また、賃貸の場合、大事なのは建築構造だけではありません。
木造アパートの失敗しない物件の選び方や、自分で出来る防音対策をご紹介します。
木造アパートは他の建築構造に比べて音が響きやすい?
建築構造は、柱や梁などが何で建築されているかによって分類されます。
大きく分けると3種類あり、木造、(軽量、重量)鉄骨造、鉄筋コンクリート造です。
これを音の響きやすさで比較すると次のようになります。
木造>(軽量、重量)鉄骨造>鉄筋コンクリート造
しかし、壁がコンクリートの鉄筋コンクリート造の遮音性が最も高いのは変わりませんが、実は木造と(軽量、重量)鉄骨造の間にはそれほど遮音性に差はありません。
建物の遮音性というのは、建築構造よりも壁や床の素材や厚み、防音材の使用の有無などによって大きく左右されます。
さらに、アパートなどの賃貸物件の場合は集合住宅になるので、
・その物件に防音対策がされているか
・隣接部屋との間取りの関係
・他の住人の生活環境やマナー
・近隣地域の環境(交通量など)
などの条件の方が重要になってきます。
同じ木造アパートでも遮音性は違う
前述したように、遮音性は建築構造以外の要素によっても大きく変わってきます。
よって、同じ木造アパートでも遮音性の高いものと低いものが存在します。
まずは、壁や床の厚みや素材です。
当然、厚みのある方が音を遮断出来ますし、壁や床の中の空洞に遮音材(グラスウール、ロックウール)などを使用している物件の方が遮音性は高くなります。

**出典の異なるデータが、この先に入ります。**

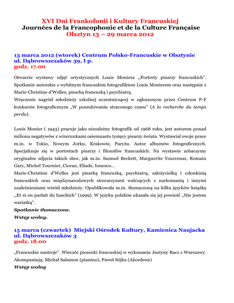 XVI Dni Frankofonii i Kultury Francuskiej Journées de la Francophonie et de la Culture Française Olsztyn 13 – 29 marca 2012 13 marca 2012 (wtorek) Centrum Polsko-Francuskie w Olsztynie ul. Dąbrowszczaków 39, I p. godz. 17.00 Otwarcie wystawy zdjęć artystycznych Louis Moniera ,,Portrety pisarzy francuskich”. Spotkanie autorskie z wybitnym francuskim fotografikiem Louis Monierem oraz następnie z Marie-Christine d’Welles, pisarką francuską i psychiatrą. Wręczenie nagród młodzieży szkolnej uczestniczącej w ogłoszonym przez Centrum P-F konkursie fotograficznym „W poszukiwaniu straconego czasu” (A la recherche du temps perdu). Louis Monier ( 1943) pracuje jako niezależny fotografik od 1968 roku, jest autorem ponad miliona negatywów z wizerunkami osiemnastu tysięcy pisarzy świata. Wystawiał swoje prace m.in. w Tokio, Nowym Jorku, Krakowie, Paryżu. Autor albumów fotograficznych. Specjalizuje się w portretach pisarzy i filozofów francuskich. Na wystawie zobaczymy oryginalne zdjęcia takich sław, jak m.in. Samuel Beckett, Marguerite Yourcenar, Romain Gary, Michel Tournier, Cioran, Eliade, Ionesco… Marie-Christine d’Welles jest pisarką francuską, psychiatrą, założycielką i członkinią francuskich oraz międzynarodowych stowarzyszeń walczących z narkomanią i innymi uzależnieniami wśród młodzieży. Opublikowała m.in. tłumaczoną na kilka języków książkę ,,Et si on parlait du haschich” (1999). W języku polskim ukazała się jej powieść „Nie jestem wariatką”. Spotkanie tłumaczone. Wstęp wolny. 15 marca (czwartek) Miejski Ośrodek Kultury, Kamienica Naujacka ul. Dąbrowszczaków 3 godz. 18.00 „Francuskie nastroje”. Wieczór piosenki francuskiej w wykonaniu Justyny Bacz z Warszawy. Akompaniują: Michał Salamon (pianino), Paweł Sójka (Akordeon) Wstęp wolny 21 marca (środa) Miejski Ośrodek Kultury, Kamienica Naujacka ul. Dąbrowszczaków 3 godz. 18.00 Koncert piosenek Edith Piaf w wykonaniu Joanny Oleś, laureatki I nagrody Złoty Tukan na 32. Przeglądzie Piosenki Aktorskiej w 2011 roku we Wrocławiu. Wstęp wolny 23 marca (piątek) pub ,,Piwiarnia” w Olsztynie, ul. Żołnierska 14a/1 godz. 20.00 Karaoke franco-polonais. Karaoke polsko-francuskie. Wstęp wolny 28 marca (środa) Centrum Polsko-Francuskie w Olsztynie godz. 18.00 Prelekcja wybitnego pisarza Krzysztofa Rutkowskiego „Rutkowski w Paryżu”. Spotkanie autorskie, którego podstawą do rozmowy o Paryżu i Francji jest książka autora ,,Wokulski w Paryżu” (Gdańsk 2010, wyd. słowo/obraz/terytoria), a także inne książki zaproszonego autora poświęcone literaturze francuskiej, polsko-francuskim kontaktom i wpływom kulturowo-literackim. Krzysztof Rutkowski, pisarz, tłumacz literatury francuskiej oraz publikacji naukowych, profesor w Instytucie Badań Interdyscyplinarnych „Artes Liberales” Uniwersytetu Warszawskiego, laureat nagrody Fundacji im. Kościelskich, wiele lat spędził we Francji, autor licznych książek, w tym wysoko cenionych przez krytykę i czytelników ,,Paryskich pasaży” . Wstęp wolny. 29 marca (czwartek) Centrum Polsko-Francuskie w Olsztynie godz. 18.00 Prelekcja multimedialna muzykologa, pianistki i klawesynistki Krystyny Pasquier z Paryża (rodem z Olsztyna): ,,Nadia Boulanger, jej szkoła i krąg polskich kompozytorów XX w.”. Kolejne spotkanie z cyklu „Muzyka francusko-polska”. Nadia Boulanger należała do grona najwybitniejszych pedagogów w dziedzinie muzyki XX wieku nie tylko we Francji, ale i na całym świecie. Wstęp wolny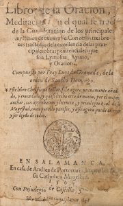.1567.. LIBRO: .(HUMANIDADES).. .GRANADA, FRAY LUYS DE:. .LIBRO DE LA ORACION, Y MEDITACION: EN EL QUAL SE TRAC[TA] DE LA CONSIDERACION DE LOS PRINCIPALES MYSTERIOS DE NUESTRA FE.... Salamanca: Imp. Andrea Portonariis, 1567. 12º. 8 h. + 525 fol. + 4...

また、外からの音を遮断するためには窓のサッシも大切です。
サッシが防音サッシや二重になっているものが良いでしょう。
ただし、分譲マンションならまだしも、賃貸アパートでこれらの防音対策がすべて施されている物件はあまりありません。
しかし、古い木造アパートよりも築年数の浅い木造アパートの方が、防音対策を重視しているものは多いです。
物件探しの際には不動産会社に訪ねてみて下さい。
賃貸アパートで音を気にするなら間取りも大切
賃貸物件を探す上で、確認しておきたいのが間取りです。
上下の部屋、隣の部屋とどのように接しているか、間取り一つで生活音の聞こえ方は全く違ってきます。
なるべくお互いの生活空間の距離が離れている方が、生活音は聞こえにくくなります。
例えば、隣の部屋とリビングの間にクローゼットが配置されていれば、挟まれたクローゼットが音を遮り、距離も離れるので防音対策になるでしょう。
また、反対に隣の部屋とリビング同士が隣り合って接していたり、リビングが寝室に接していると、テレビの音や話し声などが聞こえやすくなります。
壁の中にある水道管の音やシャワーの音も結構響くので、お風呂場や洗濯機の位置も確認した方が良いですね。
アパートによっては上下で間取りの違う物件も多いので、こちらも注意が必要です。
特に、木造アパートの場合、寝室の上にリビングが位置していたりすると、夜中など静かになったときに足音などが気になりやすくなります。
木造アパートの防音性を内見でチェックするには
まず、内見の前に、小さい子供がいて騒音トラブルを起こさないか心配だったり、自分が音に敏感なので静かな部屋が良いなどの希望があるときは、前もって不動産会社に伝えておいた方がいいでしょう。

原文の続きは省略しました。